◆ **Collected data entries**:

◇ ◇ ◇

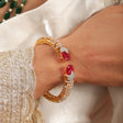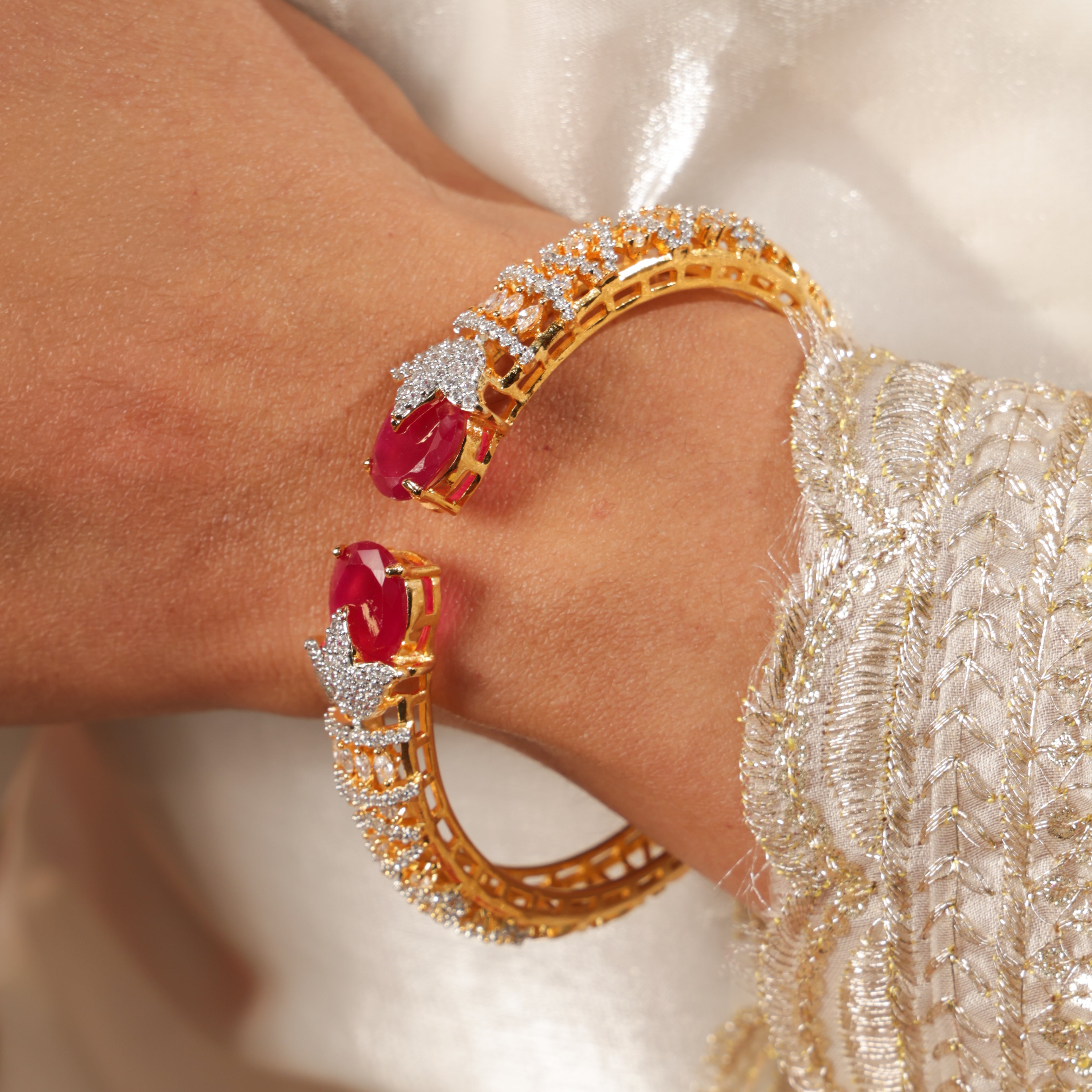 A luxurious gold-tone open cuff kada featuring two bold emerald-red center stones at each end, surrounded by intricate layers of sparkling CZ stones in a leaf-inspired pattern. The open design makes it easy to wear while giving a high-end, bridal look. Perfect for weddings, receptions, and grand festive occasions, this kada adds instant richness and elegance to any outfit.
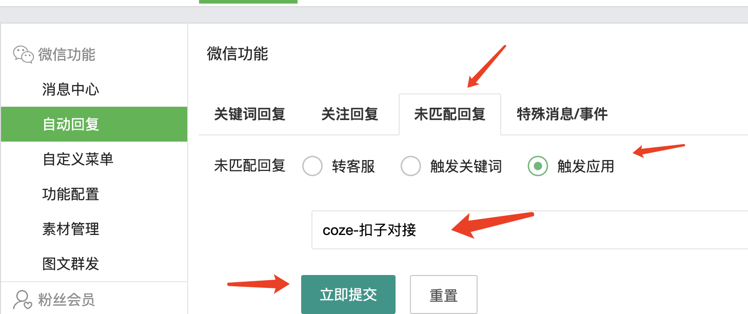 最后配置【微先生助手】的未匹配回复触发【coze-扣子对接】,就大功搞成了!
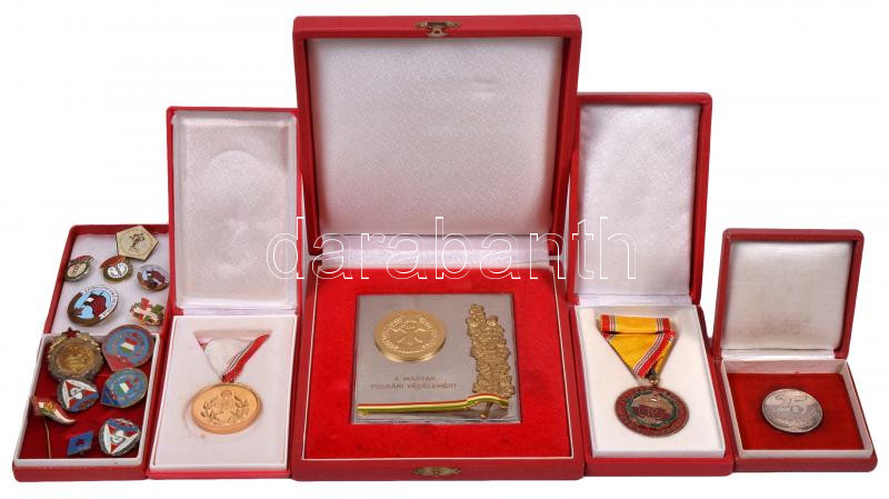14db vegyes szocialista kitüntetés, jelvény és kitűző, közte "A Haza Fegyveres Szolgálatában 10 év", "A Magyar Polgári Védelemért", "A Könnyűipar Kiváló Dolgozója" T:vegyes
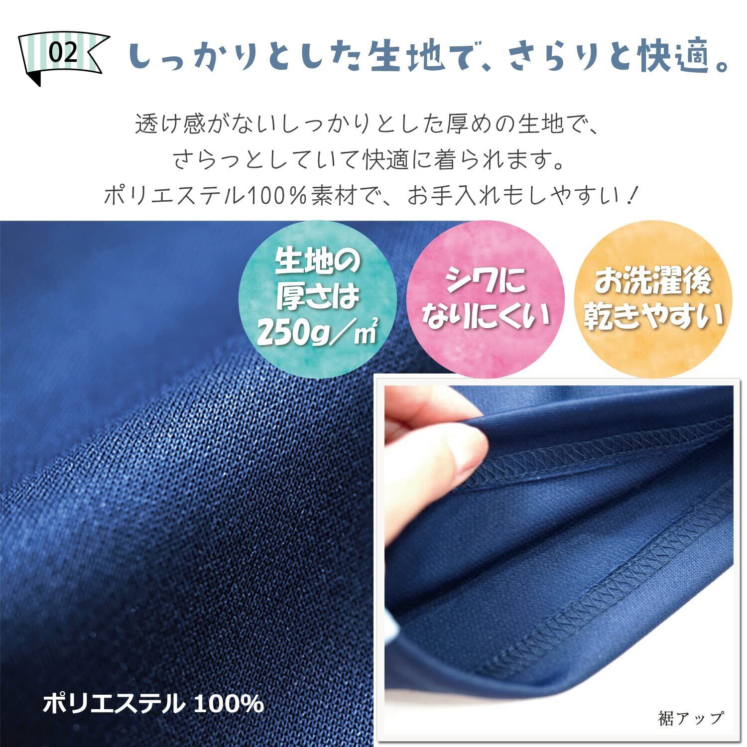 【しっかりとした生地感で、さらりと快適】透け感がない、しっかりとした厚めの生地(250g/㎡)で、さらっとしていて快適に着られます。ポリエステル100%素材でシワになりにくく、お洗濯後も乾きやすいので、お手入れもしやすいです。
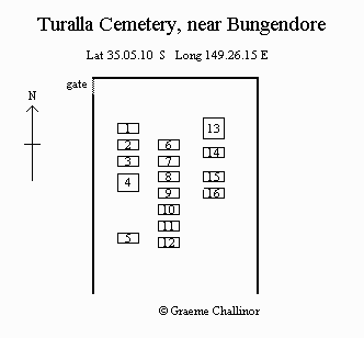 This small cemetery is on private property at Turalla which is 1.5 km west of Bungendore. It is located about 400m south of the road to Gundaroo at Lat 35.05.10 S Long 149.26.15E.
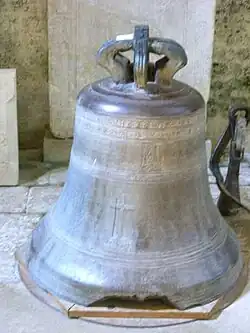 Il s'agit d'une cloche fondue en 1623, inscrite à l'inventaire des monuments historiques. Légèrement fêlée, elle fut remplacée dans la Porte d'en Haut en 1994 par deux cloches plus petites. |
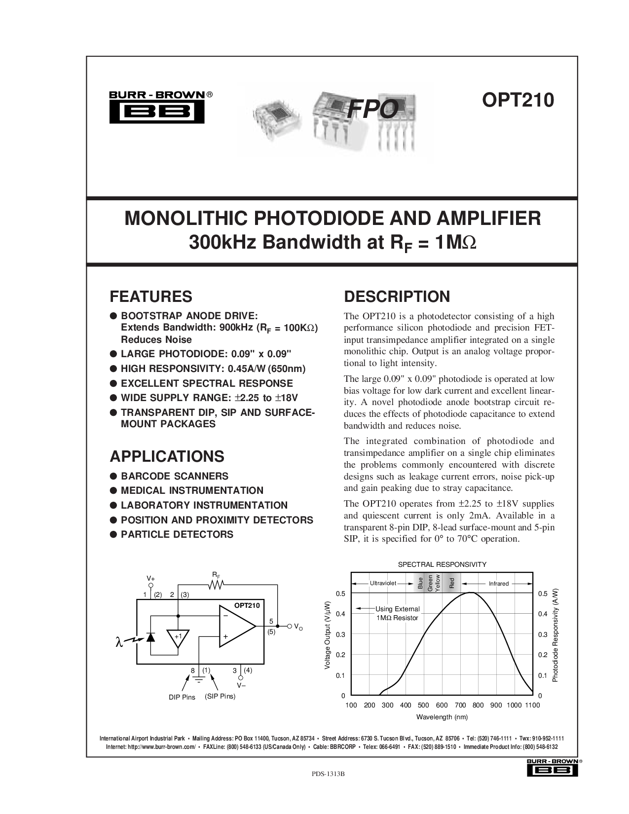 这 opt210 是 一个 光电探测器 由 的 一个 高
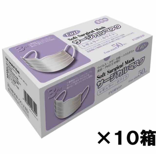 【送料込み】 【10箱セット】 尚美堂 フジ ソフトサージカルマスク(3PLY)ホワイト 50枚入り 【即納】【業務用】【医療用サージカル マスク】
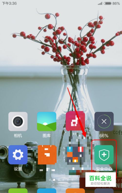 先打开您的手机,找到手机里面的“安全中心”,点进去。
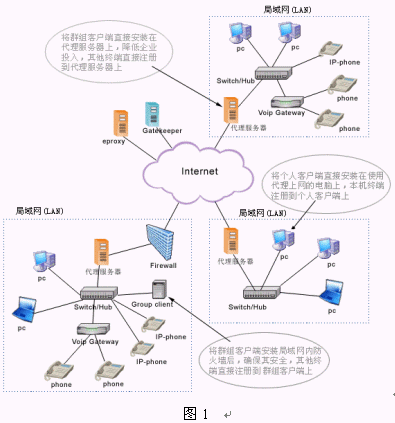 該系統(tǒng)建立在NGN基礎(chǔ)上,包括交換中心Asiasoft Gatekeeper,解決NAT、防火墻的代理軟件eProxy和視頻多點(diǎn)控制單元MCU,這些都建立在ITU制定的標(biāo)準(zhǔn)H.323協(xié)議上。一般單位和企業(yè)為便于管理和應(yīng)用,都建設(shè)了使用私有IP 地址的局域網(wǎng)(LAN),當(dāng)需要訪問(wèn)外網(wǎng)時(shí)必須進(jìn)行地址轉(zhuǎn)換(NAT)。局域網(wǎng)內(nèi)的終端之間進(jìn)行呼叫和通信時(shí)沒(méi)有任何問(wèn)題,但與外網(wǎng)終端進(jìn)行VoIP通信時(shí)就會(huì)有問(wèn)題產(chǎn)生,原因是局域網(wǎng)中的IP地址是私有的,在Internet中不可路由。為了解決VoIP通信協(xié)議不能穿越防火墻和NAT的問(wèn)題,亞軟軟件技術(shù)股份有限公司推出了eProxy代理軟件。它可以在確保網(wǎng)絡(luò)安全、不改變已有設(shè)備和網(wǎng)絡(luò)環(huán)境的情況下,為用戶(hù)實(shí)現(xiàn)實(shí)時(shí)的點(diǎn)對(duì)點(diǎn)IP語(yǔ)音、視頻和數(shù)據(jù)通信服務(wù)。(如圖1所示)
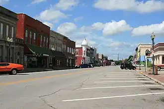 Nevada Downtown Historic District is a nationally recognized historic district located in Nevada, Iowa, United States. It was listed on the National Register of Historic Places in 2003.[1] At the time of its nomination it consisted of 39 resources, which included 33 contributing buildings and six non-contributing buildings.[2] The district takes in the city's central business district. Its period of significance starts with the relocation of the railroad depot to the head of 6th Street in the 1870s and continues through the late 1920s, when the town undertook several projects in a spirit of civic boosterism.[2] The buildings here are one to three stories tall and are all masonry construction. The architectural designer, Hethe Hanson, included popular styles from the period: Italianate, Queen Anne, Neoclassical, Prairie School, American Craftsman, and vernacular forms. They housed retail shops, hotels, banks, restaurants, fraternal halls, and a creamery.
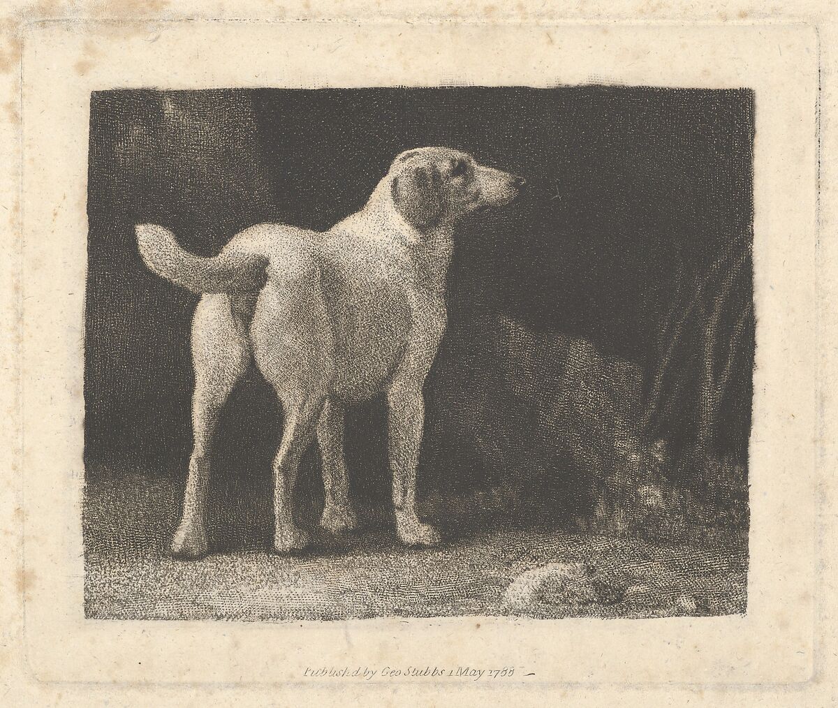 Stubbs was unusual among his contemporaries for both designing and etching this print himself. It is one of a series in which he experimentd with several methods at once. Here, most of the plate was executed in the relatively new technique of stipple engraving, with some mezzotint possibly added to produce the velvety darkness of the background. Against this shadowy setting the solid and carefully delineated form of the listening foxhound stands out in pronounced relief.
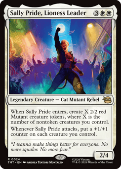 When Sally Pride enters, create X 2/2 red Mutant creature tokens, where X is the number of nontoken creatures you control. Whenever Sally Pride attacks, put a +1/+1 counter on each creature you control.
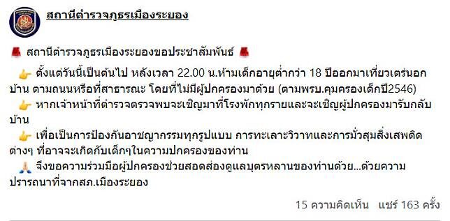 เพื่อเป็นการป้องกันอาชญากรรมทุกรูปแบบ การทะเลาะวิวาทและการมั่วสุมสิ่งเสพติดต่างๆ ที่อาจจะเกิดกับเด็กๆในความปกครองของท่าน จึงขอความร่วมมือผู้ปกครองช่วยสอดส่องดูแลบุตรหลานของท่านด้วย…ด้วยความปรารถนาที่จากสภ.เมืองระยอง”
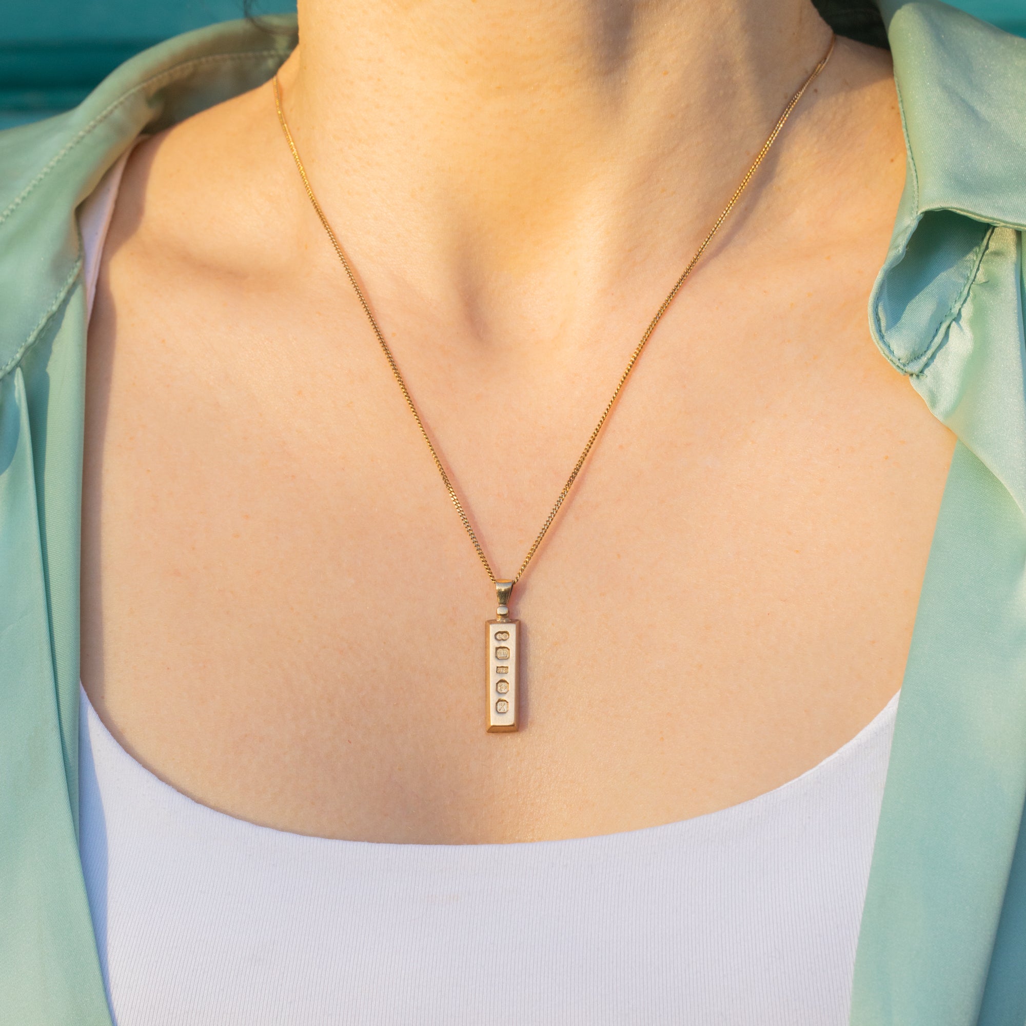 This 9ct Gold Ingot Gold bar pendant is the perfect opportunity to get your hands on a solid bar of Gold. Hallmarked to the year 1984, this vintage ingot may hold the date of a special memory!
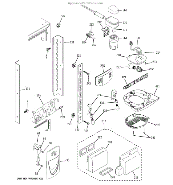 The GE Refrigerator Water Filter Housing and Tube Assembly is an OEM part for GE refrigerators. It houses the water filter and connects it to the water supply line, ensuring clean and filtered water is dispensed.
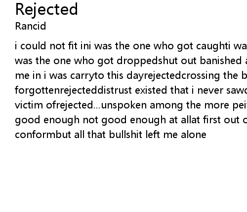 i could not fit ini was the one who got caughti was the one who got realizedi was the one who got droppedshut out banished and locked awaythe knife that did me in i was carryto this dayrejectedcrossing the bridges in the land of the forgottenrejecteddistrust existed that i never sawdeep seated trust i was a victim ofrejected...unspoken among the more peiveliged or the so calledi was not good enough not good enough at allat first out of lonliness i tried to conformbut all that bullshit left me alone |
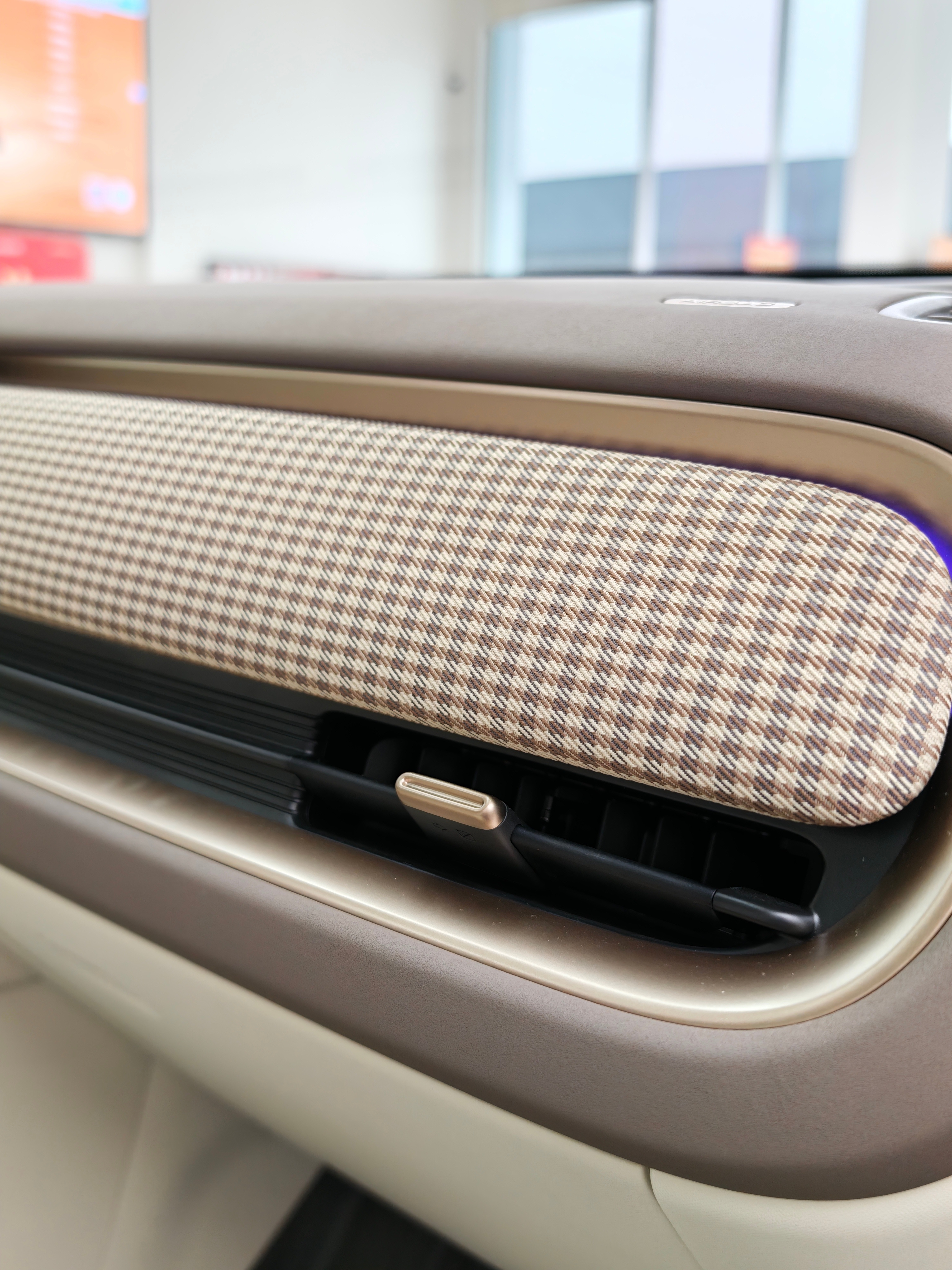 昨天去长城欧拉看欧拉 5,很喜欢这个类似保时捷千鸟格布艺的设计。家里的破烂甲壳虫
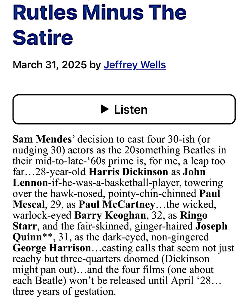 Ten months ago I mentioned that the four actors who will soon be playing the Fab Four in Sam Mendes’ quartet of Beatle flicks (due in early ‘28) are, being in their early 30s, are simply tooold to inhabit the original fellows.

◇ ◇ ◇

◆ **Work instructions**:
Give again, word for word, the lines from the one containing "The GE Refrigerator" through the last line of the entries, with pictures omitted and nothing added.

◆ **Task response**:
 The GE Refrigerator Water Filter Housing and Tube Assembly is an OEM part for GE refrigerators. It houses the water filter and connects it to the water supply line, ensuring clean and filtered water is dispensed.
 i could not fit ini was the one who got caughti was the one who got realizedi was the one who got droppedshut out banished and locked awaythe knife that did me in i was carryto this dayrejectedcrossing the bridges in the land of the forgottenrejecteddistrust existed that i never sawdeep seated trust i was a victim ofrejected...unspoken among the more peiveliged or the so calledi was not good enough not good enough at allat first out of lonliness i tried to conformbut all that bullshit left me alone |
 昨天去长城欧拉看欧拉 5,很喜欢这个类似保时捷千鸟格布艺的设计。家里的破烂甲壳虫
 Ten months ago I mentioned that the four actors who will soon be playing the Fab Four in Sam Mendes’ quartet of Beatle flicks (due in early ‘28) are, being in their early 30s, are simply tooold to inhabit the original fellows.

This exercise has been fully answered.